Formant combinatorics in Slovenian
Kombinatorika besedotvornih obrazil v slovenščini

Slovenian, like other Slavic languages, is characterized by an extremely rich morphemic structure of words, which is a result of multistage word formation; for example, in the first stage, the adjective mlad ‘young’ yields the noun mladost ‘youth’, which in turn yields the adjective mladosten ‘youthful’ in the second stage, which in turn yields the noun mladostnik ‘adolescent’ in the third stage, which in turn yields the possessive adjective mladostnikov ‘adolescent’s’ in the fourth stage. This example shows the compatibility of four suffixal formants: -ost + -en + -ik + -ov. The compatibility of formants is considered to be the ability of different word-formation morphemes to coexist within multistage formation, taking into account the semantic-extension aspect.

The proposed project focuses on the analysis and description of the compatibility of wordformation morphemes (formants) within multistage formation (mlad → mladost → mladosten → mladostnik → mladostnikov), which will generate a new research field in Slovenian linguistics: morphotactics.

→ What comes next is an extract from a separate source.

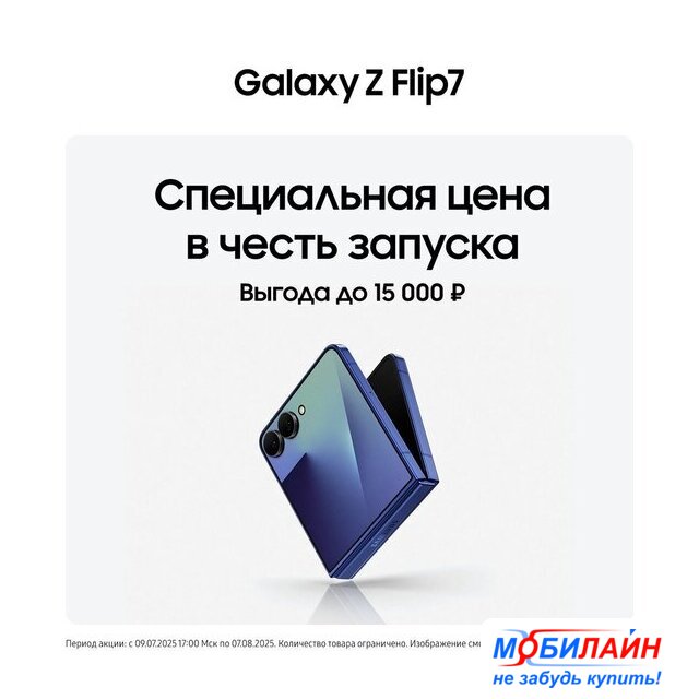 Отличия от предыдущего поколения | ✅ Galaxy Z Flip7 получил увеличенный внешний экран FlexWindow размером 4,1 дюйма с частотой обновления 120 Гц и яркостью до 2600 нит, что позволяет использовать множество функций без необходимости раскрывать устройство. Основной внутренний дисплей также увеличился до 6,9 дюйма, обеспечивая более комфортное взаимодействие с контентом. Кроме того, устройство стало тоньше и легче, что улучшает его портативность и удобство использования.✅ В отличие от Z Flip6, который оснащался процессором Snapdragon 8 Gen 3, новый Z Flip7 работает на базе 10-ядерного чипсета Exynos 2500, выполненного по 3-нм техпроцессу, что обеспечивает улучшенную производительность и энергоэффективность.✅ Внешний экран Galaxy Z Flip7 имеет более тонкие рамки, самые тонким в серии Galaxy Z Flip. Такая конструкция от края до края создает ощущение безграничного экрана, что делает его еще более удобным для использования в сложенном состоянии. В раскрытом виде это наш самый тонкий Flip, что ставит его в один ряд с любым другим смартфоном. Размер основного экрана увеличился до 6,9 дюйма, а соотношение сторон составляет 21:9, что обеспечивает более разнообразное использование. |

This is an innovation because this field does not yet exist in Slovenian linguistics. Such an analysis – by determining (a) the systemic predictability of formation in terms of the compatibility of suffixal formants and (b) its limitations – will make it possible to present the characteristics of word-formation and semantic-extension mechanisms of Slovenian, on contemporary language material, including all contemporary Slovenian dictionaries and corpora, by integrating the most state-of-the-art research methods in linguistics and language technologies (including deep learning). In so doing, we will perform the first comprehensive analysis of Slovenian word formation in 70 years.

The language technology objective of the project is a pioneering compilation of the first training set and the first language technology application allowing automatic
morpheme segmentation of Slovenian words. This is also of key importance for the development of semantic language resources and language technologies for Slovenian, and it is of course undoubtedly important for linguistics as well.